EXERCISE DETAILS:
The lines to reproduce from the material below are those from the one containing "Black coat from" through the one containing "При выборе подвески", both included; write them out exactly and add nothing.

** Opening LISTED ENTRIES block **

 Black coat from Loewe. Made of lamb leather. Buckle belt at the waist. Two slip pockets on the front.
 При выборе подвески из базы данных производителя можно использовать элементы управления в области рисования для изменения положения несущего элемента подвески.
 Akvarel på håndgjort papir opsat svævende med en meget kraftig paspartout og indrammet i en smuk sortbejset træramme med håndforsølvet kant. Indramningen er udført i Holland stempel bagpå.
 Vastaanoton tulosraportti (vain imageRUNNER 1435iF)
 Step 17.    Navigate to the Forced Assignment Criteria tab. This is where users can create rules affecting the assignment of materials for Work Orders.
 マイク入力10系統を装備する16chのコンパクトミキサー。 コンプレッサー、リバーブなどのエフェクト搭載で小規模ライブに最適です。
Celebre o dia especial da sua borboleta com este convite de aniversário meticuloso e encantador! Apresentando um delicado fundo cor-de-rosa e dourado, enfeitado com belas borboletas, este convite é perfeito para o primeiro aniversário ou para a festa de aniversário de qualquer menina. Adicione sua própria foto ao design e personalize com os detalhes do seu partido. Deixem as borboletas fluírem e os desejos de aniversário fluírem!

** Closing LISTED ENTRIES block **
** Opening LISTED ENTRIES block **

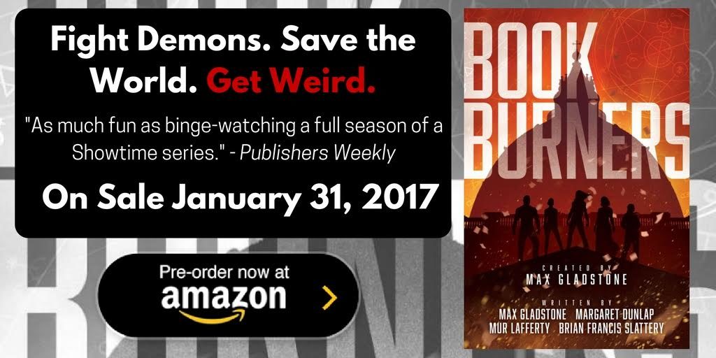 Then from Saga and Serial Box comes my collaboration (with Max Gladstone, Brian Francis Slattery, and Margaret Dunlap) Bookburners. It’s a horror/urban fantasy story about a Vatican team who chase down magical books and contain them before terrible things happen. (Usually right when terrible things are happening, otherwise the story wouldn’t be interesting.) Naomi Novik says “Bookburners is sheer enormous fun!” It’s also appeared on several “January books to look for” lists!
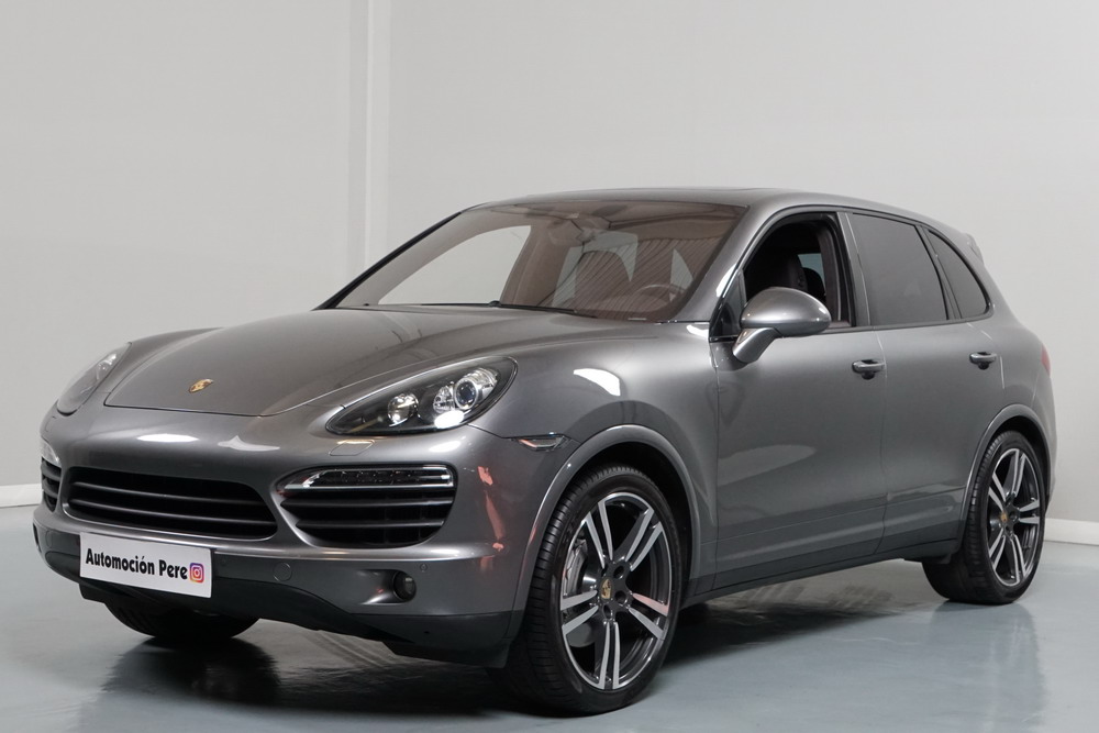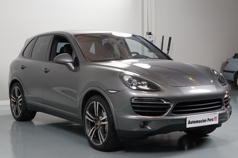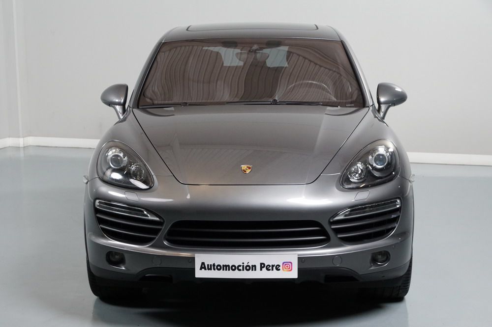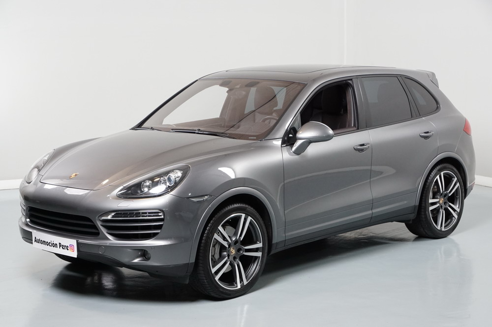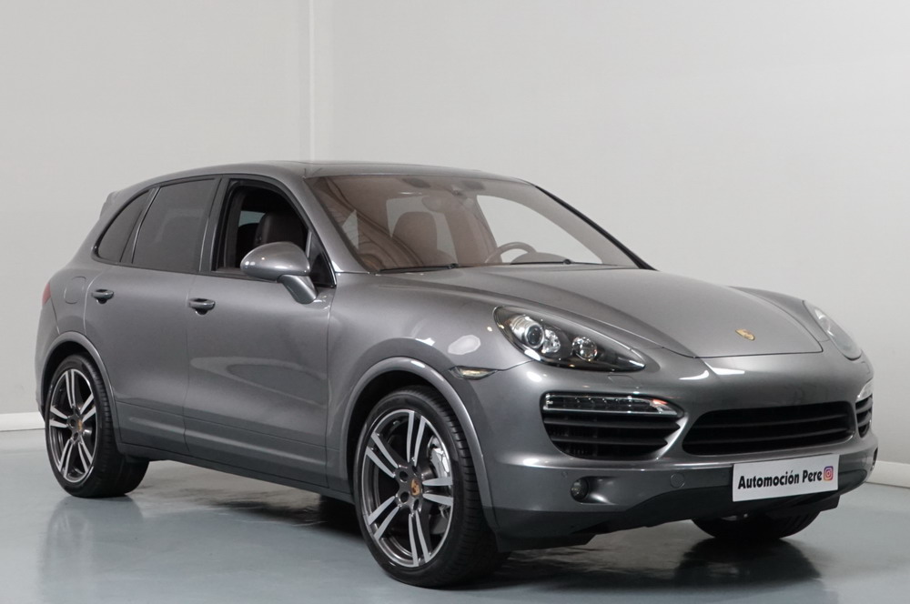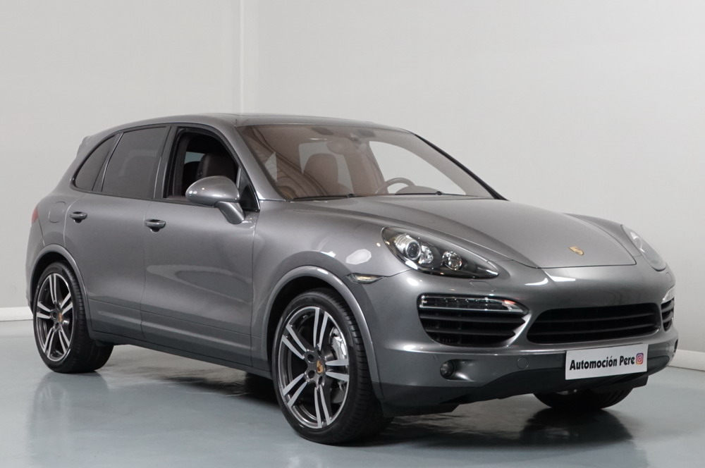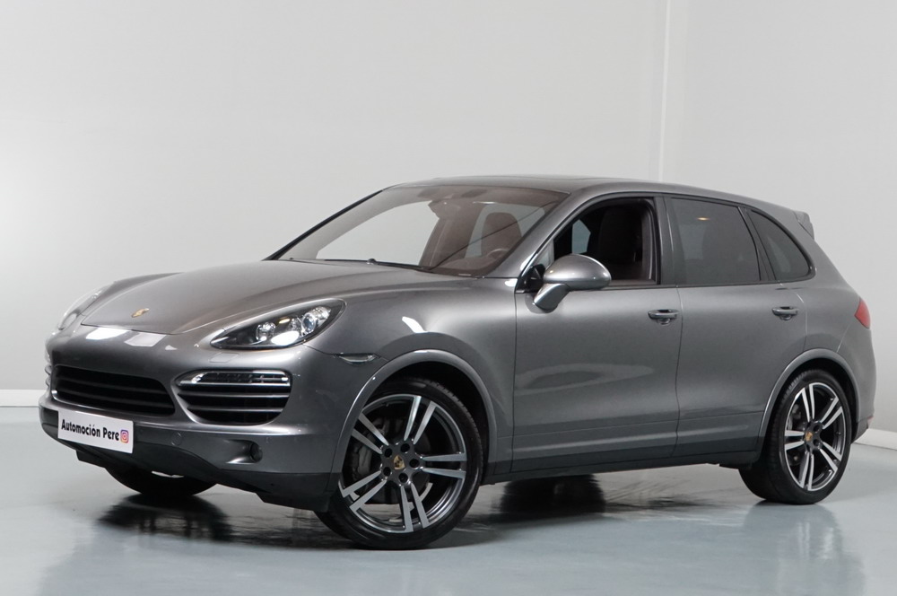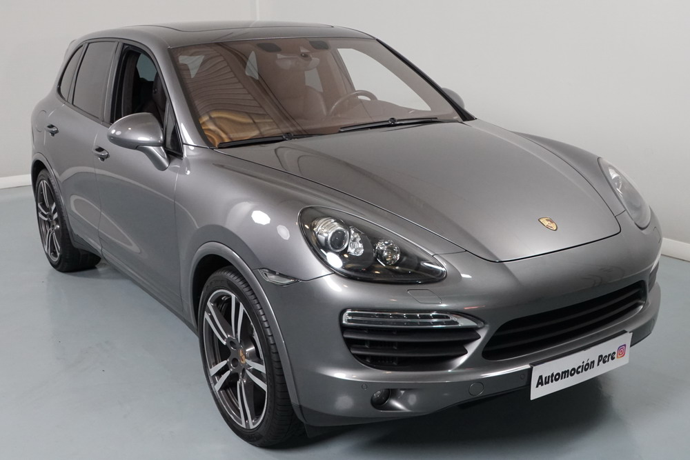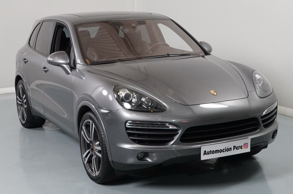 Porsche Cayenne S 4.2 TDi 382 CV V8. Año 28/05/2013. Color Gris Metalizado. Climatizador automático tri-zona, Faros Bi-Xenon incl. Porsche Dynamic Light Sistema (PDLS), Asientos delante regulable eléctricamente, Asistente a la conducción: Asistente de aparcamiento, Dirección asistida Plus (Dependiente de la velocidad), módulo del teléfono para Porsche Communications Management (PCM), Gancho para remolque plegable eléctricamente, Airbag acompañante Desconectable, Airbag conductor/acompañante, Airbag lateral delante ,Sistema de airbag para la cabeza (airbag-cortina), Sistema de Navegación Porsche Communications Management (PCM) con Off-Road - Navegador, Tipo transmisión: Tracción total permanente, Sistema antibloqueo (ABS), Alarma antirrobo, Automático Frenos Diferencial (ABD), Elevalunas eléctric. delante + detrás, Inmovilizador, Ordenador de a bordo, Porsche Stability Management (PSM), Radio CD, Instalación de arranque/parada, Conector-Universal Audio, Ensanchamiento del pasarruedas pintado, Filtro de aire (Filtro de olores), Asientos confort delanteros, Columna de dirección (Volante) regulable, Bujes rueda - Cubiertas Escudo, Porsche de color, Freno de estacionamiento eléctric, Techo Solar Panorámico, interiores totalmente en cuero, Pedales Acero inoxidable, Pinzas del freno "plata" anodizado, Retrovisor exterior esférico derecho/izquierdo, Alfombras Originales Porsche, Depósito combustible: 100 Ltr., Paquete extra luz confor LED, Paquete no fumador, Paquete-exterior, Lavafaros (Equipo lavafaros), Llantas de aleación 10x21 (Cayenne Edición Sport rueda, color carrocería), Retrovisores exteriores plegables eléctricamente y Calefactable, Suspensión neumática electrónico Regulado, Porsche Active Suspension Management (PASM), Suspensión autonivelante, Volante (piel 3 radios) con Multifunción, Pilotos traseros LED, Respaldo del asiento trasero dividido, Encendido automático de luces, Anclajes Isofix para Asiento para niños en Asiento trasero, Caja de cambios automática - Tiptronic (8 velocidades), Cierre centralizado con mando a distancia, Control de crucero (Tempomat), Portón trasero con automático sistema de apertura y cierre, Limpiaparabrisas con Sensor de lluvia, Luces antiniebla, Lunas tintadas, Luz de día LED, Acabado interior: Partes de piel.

** Closing LISTED ENTRIES block **

RESPONSE TO THIS EXERCISE:
 Black coat from Loewe. Made of lamb leather. Buckle belt at the waist. Two slip pockets on the front.
 При выборе подвески из базы данных производителя можно использовать элементы управления в области рисования для изменения положения несущего элемента подвески.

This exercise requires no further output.